Quando chegavam os dóris eram sorteados”. O sorteio era feito por números.. Se eram vinte, tiravam 20 bilhetinhos de dentro de um boné de oleado e cada um tirava o seu. Depois do sorteio cada dóri recebia um nome e começavam depois os pescadores a prepará-los. Começavam às 4 da madrugada.

- Bem penso que estamos bastante mais elucidadas - repete a rapariga que anotava no caderno as informações.

- Mas a nossa professora, fala-nos nos louvados: O que eram os louvados?

Os louvados era uma oração de trabalho estratégica para dizer que estava na hora de trabalho:

OS LOUVADOS

“Seja louvado Nosso Senhor Jesus Cristo

para sempre seja louvado.

Em louvor da Virgem Maria.

Venha o homem do leme para baixo

e vai outro para a vigia

Mas como isto está tudo acabado

Vamos em hora para o trabalho.

Seja louvado e adorado

O Santo Nome de Jesus

Em louvor das cinco chagas

Está Deus pregado na cruz

Em louvor da Virgem Maria

Levantai-vos camaradas

Quatro horas é de dia.

Vamos embora todos comer

que temos de ir para a pescaria

Seja louvado nosso Senhor Jesus Cristo

- Embora, rapaziada, vamos a isto.

Mas ainda uma última questão, não nos disse, como é que eles não se perdiam do navio, perante o nevoeiro cerrado?
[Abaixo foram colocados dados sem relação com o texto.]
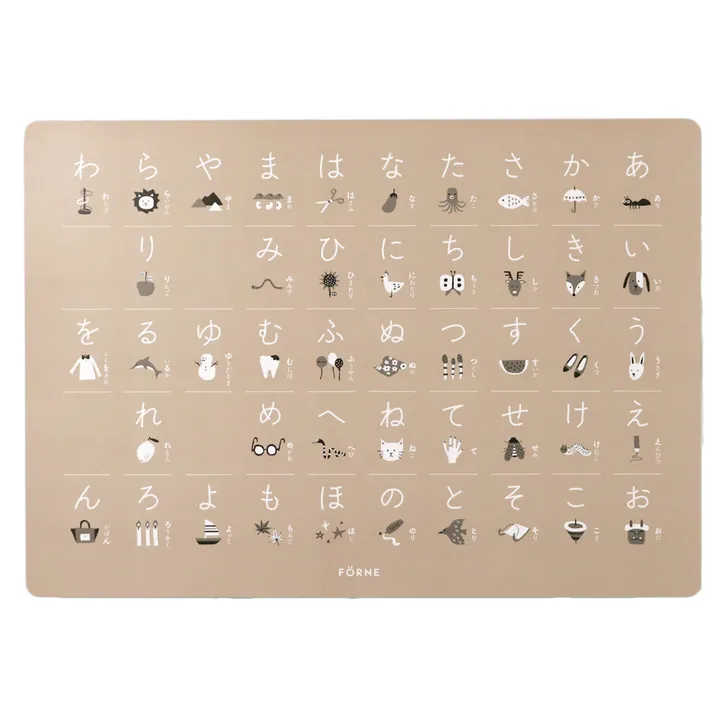 【ひらがな表】 ・モノトーンをベースにしたカラー展開 ・シンプルなイラスト ・防水性があり破れにくい紙でできているのでリビングや子ども部屋だけでなく、水だけで浴室内の壁にも貼ることができます。
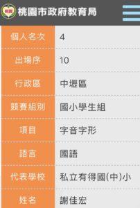 112學 年度中壢區語文競賽成績如下:
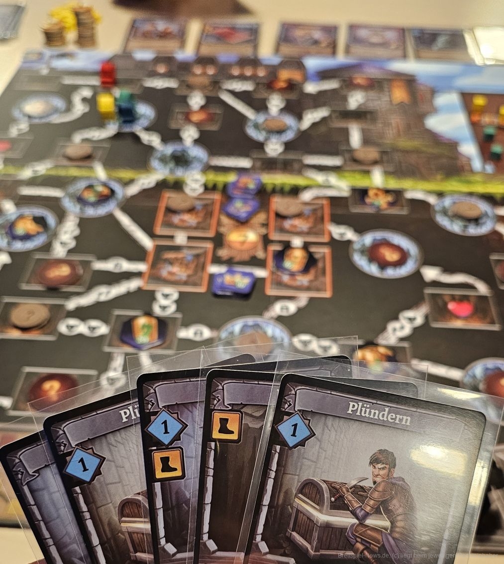 Karten erlauben es uns unseren Abenteurer zu bewegen, Monster zu bekämpfen oder eben neue Karten zu kaufen. Dabei sollten wir versuchen möglichst wenig Krach, also das titelgebende Klong! zu machen, denn wenn der Drache weiß, wo wir sind, erhalten wir Schaden, wenn er erwacht. In unserem Zug können wir unseren Abenteurer bewegen und Karten kaufen. Mit neuen Karten verbessern wir unser Deck, das im Grundspiel bei allen Personen zu Spielbeginn gleich ist und ehöhen so unseren Handlungsspielraum.

- Ai... aqui também há muito de trágico... às vezes o som era dado de bordo do navio e noutros casos orientavam-se pela bússola. Mas a verdade é que muitos desapareciam, remavam debaixo do nevoeiro, a uma lonjura tal que chegava a ultrapassar 40 metros, se fossem atrevidos...e muitos mercê da sua heroicidade, arrojo e valentia.. por lá ficaram sepultados. Depois quando os pobres chegavam ao navio, os capitães mediam o peixe a “olho nú” e apontavam os quintais de bacalhau apanhados pelos pescadores, conforme muito bem lhe apeteciam. Muitos sentiam-se roubados e diziam os mais corajosos: “Não direito que nos roubem o nosso suor e o pão dos nossos filhinhos.” Mas esses desumanos não tinham coração, ainda o tinham mais gelados que as montanhas de “icebergs”.
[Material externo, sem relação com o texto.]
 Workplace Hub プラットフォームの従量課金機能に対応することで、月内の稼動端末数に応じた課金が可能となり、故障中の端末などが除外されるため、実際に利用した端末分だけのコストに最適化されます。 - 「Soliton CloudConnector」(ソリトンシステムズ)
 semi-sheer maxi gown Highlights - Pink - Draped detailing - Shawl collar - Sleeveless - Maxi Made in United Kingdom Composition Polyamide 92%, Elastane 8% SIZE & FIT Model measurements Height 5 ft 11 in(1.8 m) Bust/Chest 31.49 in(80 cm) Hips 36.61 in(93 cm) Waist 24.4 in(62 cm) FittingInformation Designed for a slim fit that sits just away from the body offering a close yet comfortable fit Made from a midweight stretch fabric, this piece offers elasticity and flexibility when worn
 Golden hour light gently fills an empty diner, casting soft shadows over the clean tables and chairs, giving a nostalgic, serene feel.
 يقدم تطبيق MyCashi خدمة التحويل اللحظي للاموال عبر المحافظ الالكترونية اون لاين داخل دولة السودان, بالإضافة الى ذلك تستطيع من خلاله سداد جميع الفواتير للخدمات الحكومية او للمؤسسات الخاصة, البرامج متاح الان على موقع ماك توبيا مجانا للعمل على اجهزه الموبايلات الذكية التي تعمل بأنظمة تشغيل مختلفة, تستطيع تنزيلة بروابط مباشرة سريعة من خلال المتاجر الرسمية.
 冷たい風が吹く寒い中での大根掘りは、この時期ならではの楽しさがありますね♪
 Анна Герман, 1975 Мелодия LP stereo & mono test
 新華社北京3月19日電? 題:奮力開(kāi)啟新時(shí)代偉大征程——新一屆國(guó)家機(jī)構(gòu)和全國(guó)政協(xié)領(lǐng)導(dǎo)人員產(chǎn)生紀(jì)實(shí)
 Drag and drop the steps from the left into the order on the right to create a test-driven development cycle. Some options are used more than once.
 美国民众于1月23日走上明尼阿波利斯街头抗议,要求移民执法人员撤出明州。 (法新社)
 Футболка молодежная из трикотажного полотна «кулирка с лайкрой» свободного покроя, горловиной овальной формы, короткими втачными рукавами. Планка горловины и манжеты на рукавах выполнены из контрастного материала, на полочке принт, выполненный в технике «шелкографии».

- Já agora diga-nos mais uma coisa:.. como eram as Comunicações nesse tempo?

- Nessa altura as comunicações eram difíceis. Os pescadores e suas mulheres não sabiam escrever a maior parte, a ausência no mar, não permitia o tipo de comunicação se não através de recursos precários. Havia um momento de comunicação com as famílias, com pompa de circunstância, em que emitiam as mensagens feitas por gravação, através da Emissora Nacional e Rádio Renascença - cujo momento passou a chamar-se: A HORA DA SAUDADE!

- Mas vocês imaginam a alegria nesta vila quando recebiam alguma carta? O mulherio corria a vila....quando havia notícias do bacalhau, o boato corria de boca em boca... Havia sempre um receio e angústia espelhado no rosto das mulheres que percorriam as ruas... de alma ansiosa e coração palpitando de ansiedade...
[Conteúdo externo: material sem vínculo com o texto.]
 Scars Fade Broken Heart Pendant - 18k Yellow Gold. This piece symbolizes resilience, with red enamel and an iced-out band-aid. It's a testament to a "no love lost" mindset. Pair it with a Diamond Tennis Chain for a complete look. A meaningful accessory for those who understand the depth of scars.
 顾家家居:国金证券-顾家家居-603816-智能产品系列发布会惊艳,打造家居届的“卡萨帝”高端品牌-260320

- Relativamente à Higiene? Como era? Ainda era mais uma pergunta ficara por fazer...

- Bem... vá lá... dizia pachorrenta a avó... que mostrava sempre vontade de colaborar...

- Ah!... A roupa daqueles infelizes... só era lavada em casa quando chegava, porque lá. molhada na água salgada, punham-na ao sol a secar para vesti-la de novo .

- Já chega!... diz peremptória a Joana... com o material que recolhemos que alguns pescadores nos ofereceram, devemos fazer um bom trabalho. Amanhã, vamos a Alvor entrevistar pescadores para enriquecer o trabalho!

- Muito Obrigada! Vamos fazer um grande trabalho sobre a Faina Maior e sobre os

nossos bravos homens do mar, que honraram esta terra

de pescadores.!

Ainda bem que na nossa escola, se preocupam com o nosso património cultural ....esses heróis sem nome que foram heróicos marinheiros que honraram a nossa terra e Portugal, e deviam ter honras de museu onde se mostrasse as nossas artes piscatórias de quantos arriscaram a vida ao serviço da Pátria - os grandes Soldados do Mar!